**Work item**
Print all the data that follows exactly, images excluded.

**Source data**
───

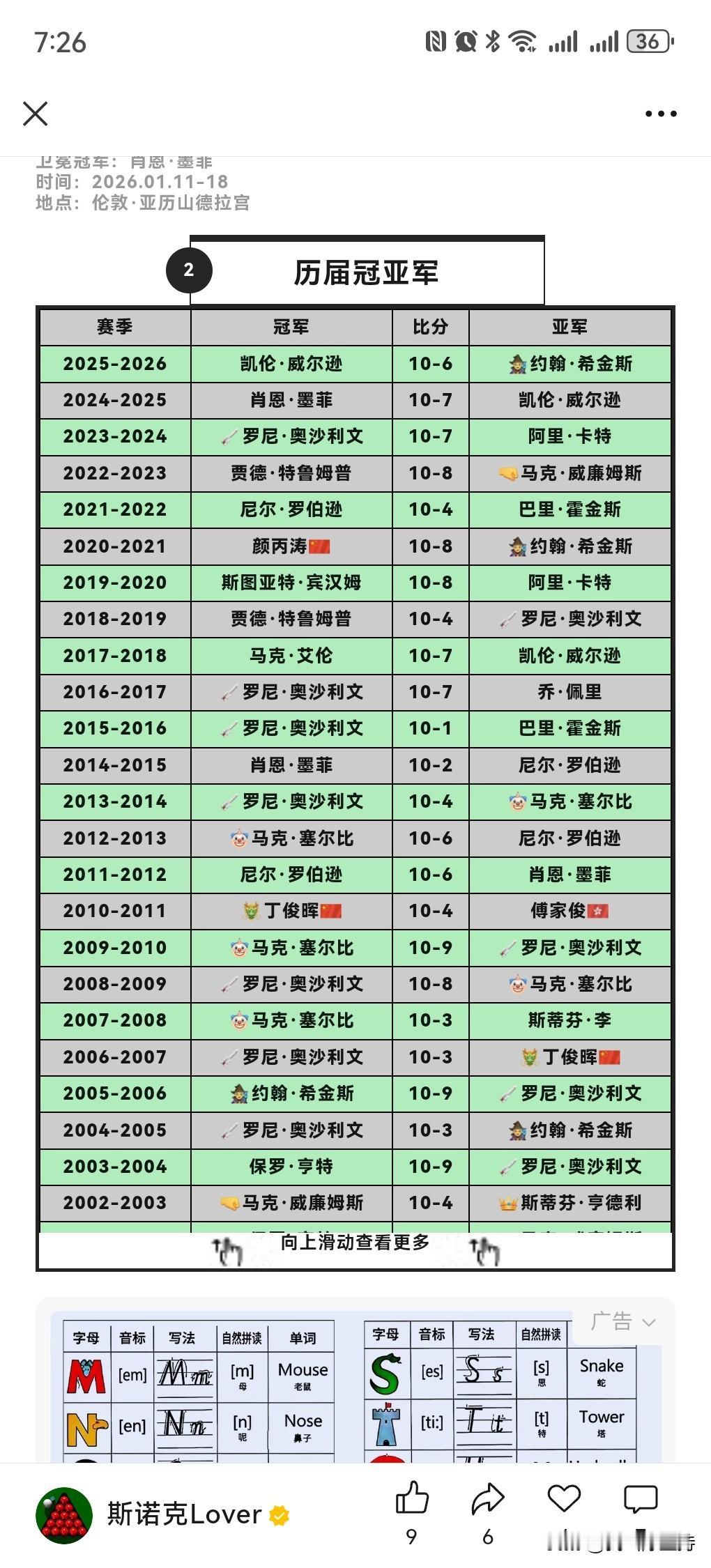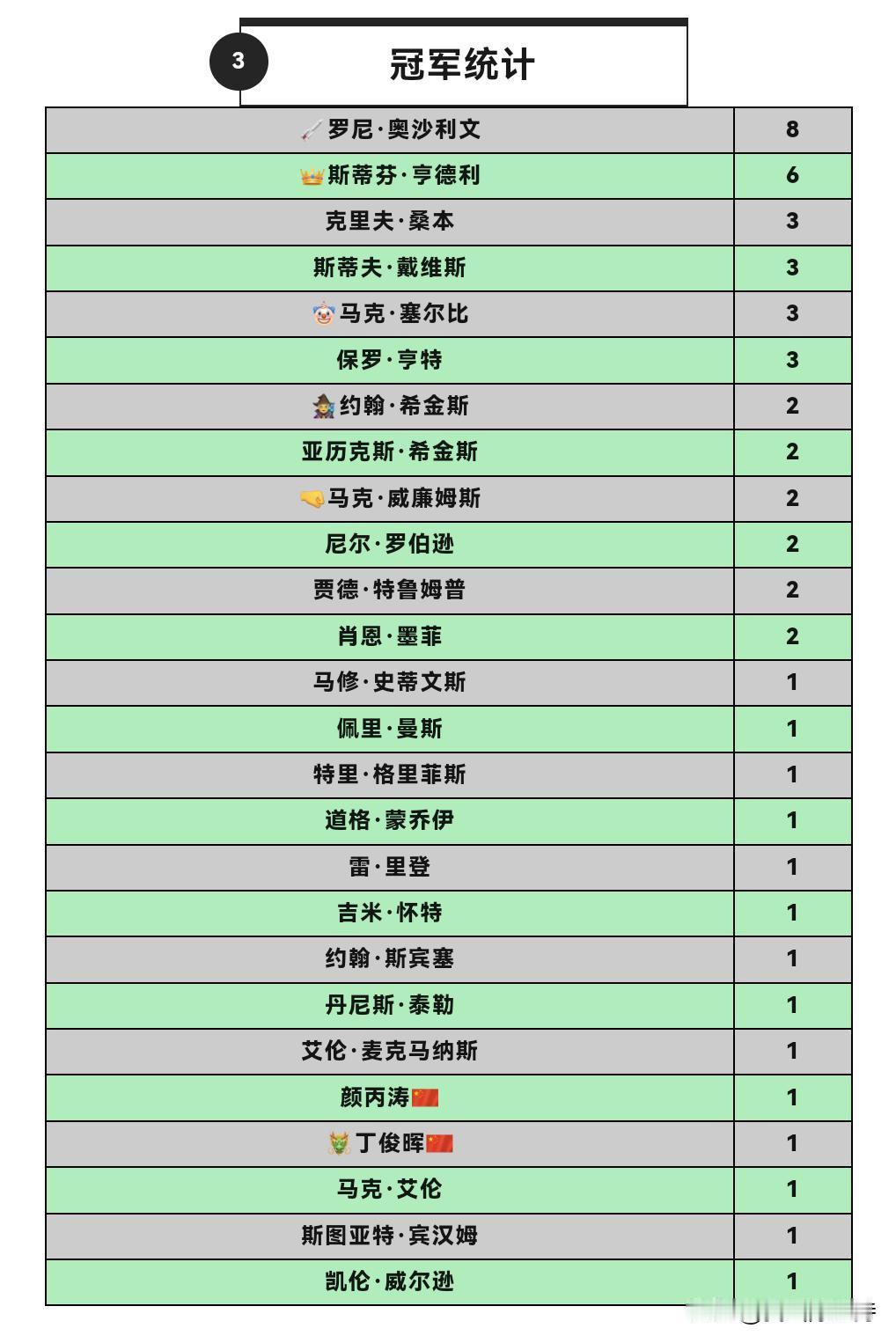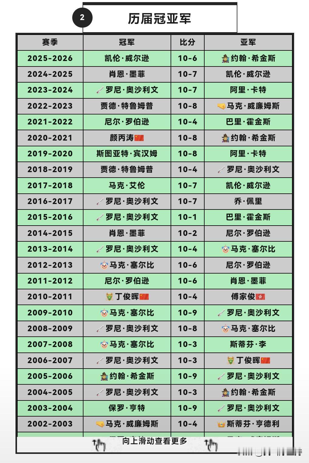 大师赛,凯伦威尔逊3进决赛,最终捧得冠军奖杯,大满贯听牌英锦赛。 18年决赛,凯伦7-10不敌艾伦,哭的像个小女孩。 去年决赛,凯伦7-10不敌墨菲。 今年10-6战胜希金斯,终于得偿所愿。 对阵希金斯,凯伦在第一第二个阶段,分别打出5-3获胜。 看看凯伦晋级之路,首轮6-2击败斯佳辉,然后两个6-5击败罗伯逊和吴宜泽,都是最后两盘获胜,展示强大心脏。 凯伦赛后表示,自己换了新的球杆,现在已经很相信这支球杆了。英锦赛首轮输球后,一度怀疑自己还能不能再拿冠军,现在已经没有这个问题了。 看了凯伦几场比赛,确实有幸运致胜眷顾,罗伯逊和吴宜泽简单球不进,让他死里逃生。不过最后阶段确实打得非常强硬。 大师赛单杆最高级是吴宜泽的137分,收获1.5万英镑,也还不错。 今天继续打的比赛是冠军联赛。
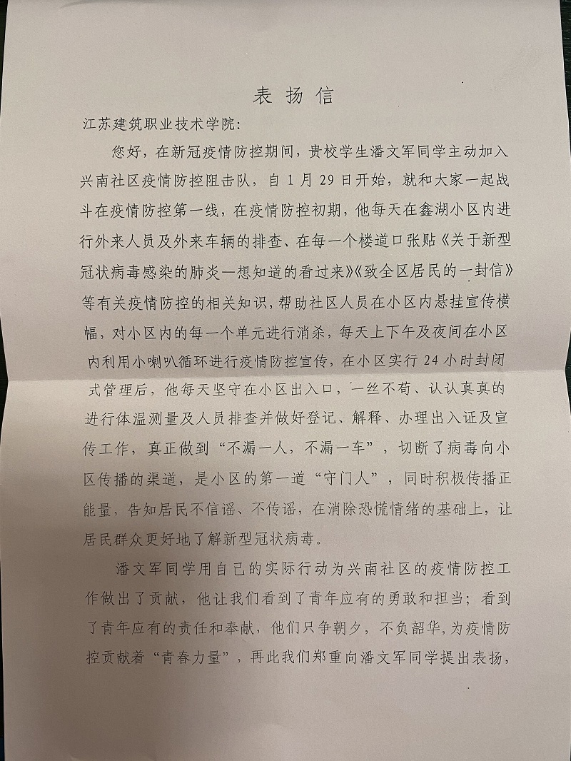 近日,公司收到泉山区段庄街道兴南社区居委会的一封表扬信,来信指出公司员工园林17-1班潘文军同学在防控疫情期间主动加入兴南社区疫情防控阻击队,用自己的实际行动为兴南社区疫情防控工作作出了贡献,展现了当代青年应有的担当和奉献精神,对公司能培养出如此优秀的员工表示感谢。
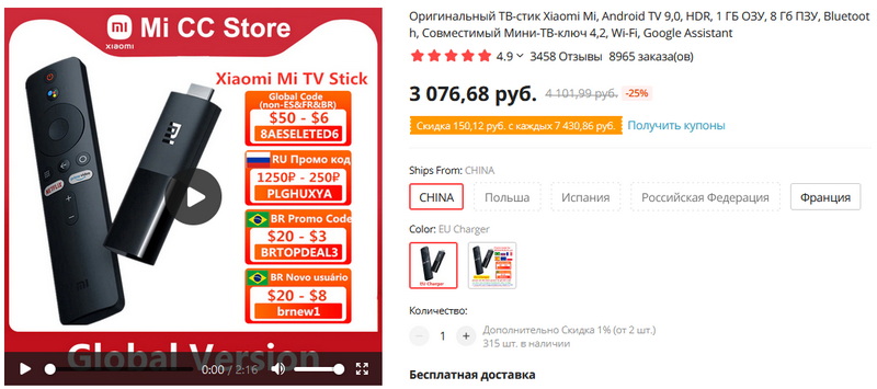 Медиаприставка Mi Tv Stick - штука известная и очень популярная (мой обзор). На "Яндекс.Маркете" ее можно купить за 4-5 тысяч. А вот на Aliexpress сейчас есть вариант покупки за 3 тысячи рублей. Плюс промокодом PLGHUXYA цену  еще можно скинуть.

───

**Answer box**
 大师赛,凯伦威尔逊3进决赛,最终捧得冠军奖杯,大满贯听牌英锦赛。 18年决赛,凯伦7-10不敌艾伦,哭的像个小女孩。 去年决赛,凯伦7-10不敌墨菲。 今年10-6战胜希金斯,终于得偿所愿。 对阵希金斯,凯伦在第一第二个阶段,分别打出5-3获胜。 看看凯伦晋级之路,首轮6-2击败斯佳辉,然后两个6-5击败罗伯逊和吴宜泽,都是最后两盘获胜,展示强大心脏。 凯伦赛后表示,自己换了新的球杆,现在已经很相信这支球杆了。英锦赛首轮输球后,一度怀疑自己还能不能再拿冠军,现在已经没有这个问题了。 看了凯伦几场比赛,确实有幸运致胜眷顾,罗伯逊和吴宜泽简单球不进,让他死里逃生。不过最后阶段确实打得非常强硬。 大师赛单杆最高级是吴宜泽的137分,收获1.5万英镑,也还不错。 今天继续打的比赛是冠军联赛。
 近日,公司收到泉山区段庄街道兴南社区居委会的一封表扬信,来信指出公司员工园林17-1班潘文军同学在防控疫情期间主动加入兴南社区疫情防控阻击队,用自己的实际行动为兴南社区疫情防控工作作出了贡献,展现了当代青年应有的担当和奉献精神,对公司能培养出如此优秀的员工表示感谢。
 Медиаприставка Mi Tv Stick - штука известная и очень популярная (мой обзор). На "Яндекс.Маркете" ее можно купить за 4-5 тысяч. А вот на Aliexpress сейчас есть вариант покупки за 3 тысячи рублей. Плюс промокодом PLGHUXYA цену  еще можно скинуть.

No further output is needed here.